(Bloomberg) -- Contemporary Amperex Technology Co. Ltd., the world’s biggest maker of batteries for electric cars, has hit back at market rumors of a large futures loss that may have dented its second-quarter earnings.

“Our company’s hedging business is backed by spot trading,” Ningde, Fujian-based CATL, as the company is better known, said in a response to online questions from investors.

“Fluctuation in earnings or losses from futures trading is hedged correspondingly with spot cargo and hence that will have relatively small impact on the company’s results. The above-mentioned rumor is not true.”

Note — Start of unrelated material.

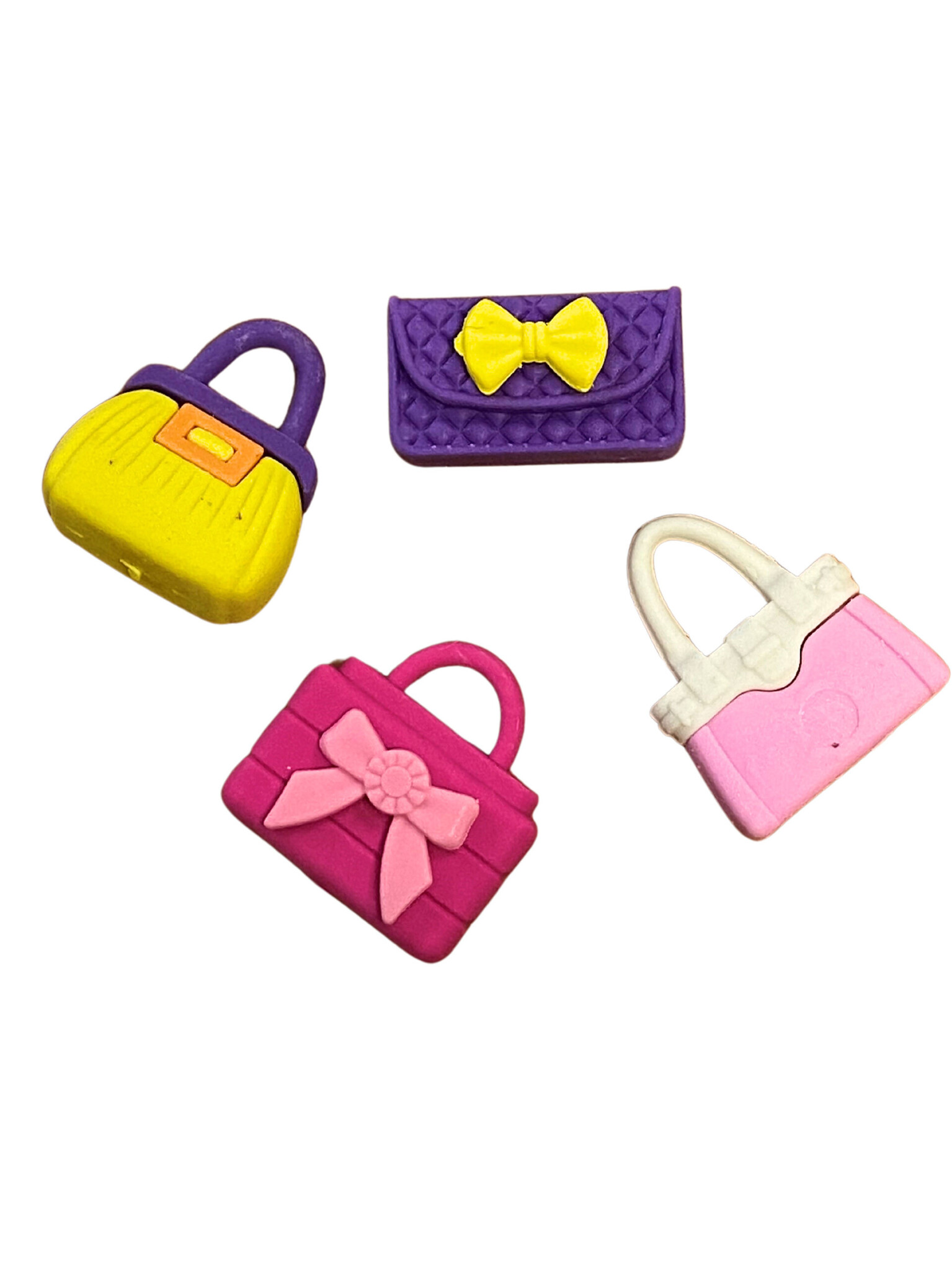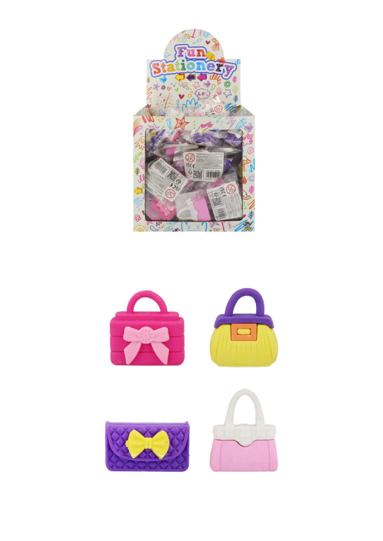 Deze schattige vlakgummetjes in de vorm van een handtasje zijn het ideale cadeautje voor kinderen! Met een afmeting van ca. 3,5 cm en beschikbaar in verschillende vrolijke kleuren, zijn ze niet alleen praktisch, maar ook ontzettend leuk om te verzamelen.

Shares in CATL slumped as much as 5% Thursday morning. The Shenzhen-traded stock is down around 26% this year.

CATL in May posted its sharpest-ever drop in quarterly earnings for the first quarter, and disclosed a sizable derivatives liability.

Net income slid 24% to 1.49 billion yuan ($222 million) for the three months through March, while underlying profit dropped 41% to 977 million yuan. CATL’s 1.79 billion yuan derivatives liability was its first such charge since listing, and it didn’t explain the origins of it to investors.

The Chinese battery giant has been grappling with higher input costs and has used its dominance in the market to help pass on some of those rising costs to customers including Tesla Inc., Nio Inc. and Xpeng Inc.